Sam FM (Swindon)
- The last logo used by the station
- England;
- Broadcast area: Swindon
- Frequencies: FM: 107.7 MHz DAB: (Swindon)

Programming
- Format: Easy listening

Ownership
- Owner: Bauer Radio

History
- First air date: September 2, 2006
- Last air date: September 1, 2020
- Former names: Brunel FM Total Star More Radio Jack FM Sam FM

= Sam FM Radio (Swindon) =

Sam FM Swindon was an Independent Local Radio station based in Swindon, England, broadcasting on the 107.7 FM frequency between 2006 and 2020.

The station was formed by The Local Radio Company, who wanted to create a local radio rival to GWR FM (now Heart). It started in 2006 as Brunel FM. It would eventually be owned by One Gold Radio Ltd who renamed it to Total Star Swindon, and then More Radio a few years later. Celador purchased More Radio in 2012 and converted it into Jack FM Swindon which was later re-branded to SamFM Swindon.

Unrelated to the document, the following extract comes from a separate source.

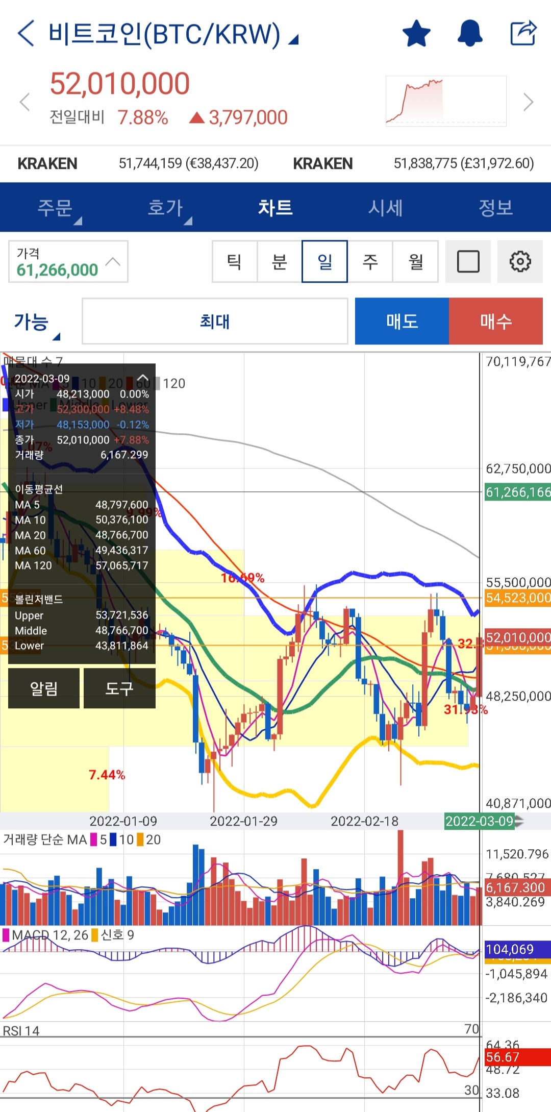 비트코인 일봉을 보시면 3월 들어 약 일주일 간 1000만원 가까이 변동을 보였는데 다행히 오늘 장대양봉을 세우며 볼린저밴드 중심선 밴드를 뚫고 상승을 했습니다.

Due to financial issues and budget cuts at Celador, SamFM Swindon was merged into the Bristol sister station of the same name. In 2020, SamFM was purchased by Bauer Radio, closed, and its frequency used to broadcast Greatest Hits Radio South West.

==History==
===Brunel FM===
In 2005, after radio group Swindon FM lobbied for a second FM licence for the area, Ofcom invited applications for a 12-year broadcasting licence. The Local Radio Company applied, proposing a station called Now FM. After being awarded the licence, it was renamed Brunel FM after Isambard Kingdom Brunel, chief engineer of the railway which had transformed Swindon from a small village to a large town. Brunel was also the previous name for AM station Classic Gold Radio (now DAB station Gold) when Wiltshire Radio/GWR FM (now Heart Wiltshire) launched on FM. However, Brunel FM and Brunel Radio/Brunel Classic Gold did not have any connection other than their name and studio location.

Brunel FM launched at 10 am on 2 September 2006, and remained under control of The Local Radio Company until its sale to Laser Broadcasting in June 2008, along with sister stations Bath FM and 3TR FM. Following the buyout a number of the station's staff resigned, allegedly due to lack of payment.

In October 2008, Brunel FM was sold again to South West Radio Ltd, following the collapse of Laser Broadcasting which went into administration.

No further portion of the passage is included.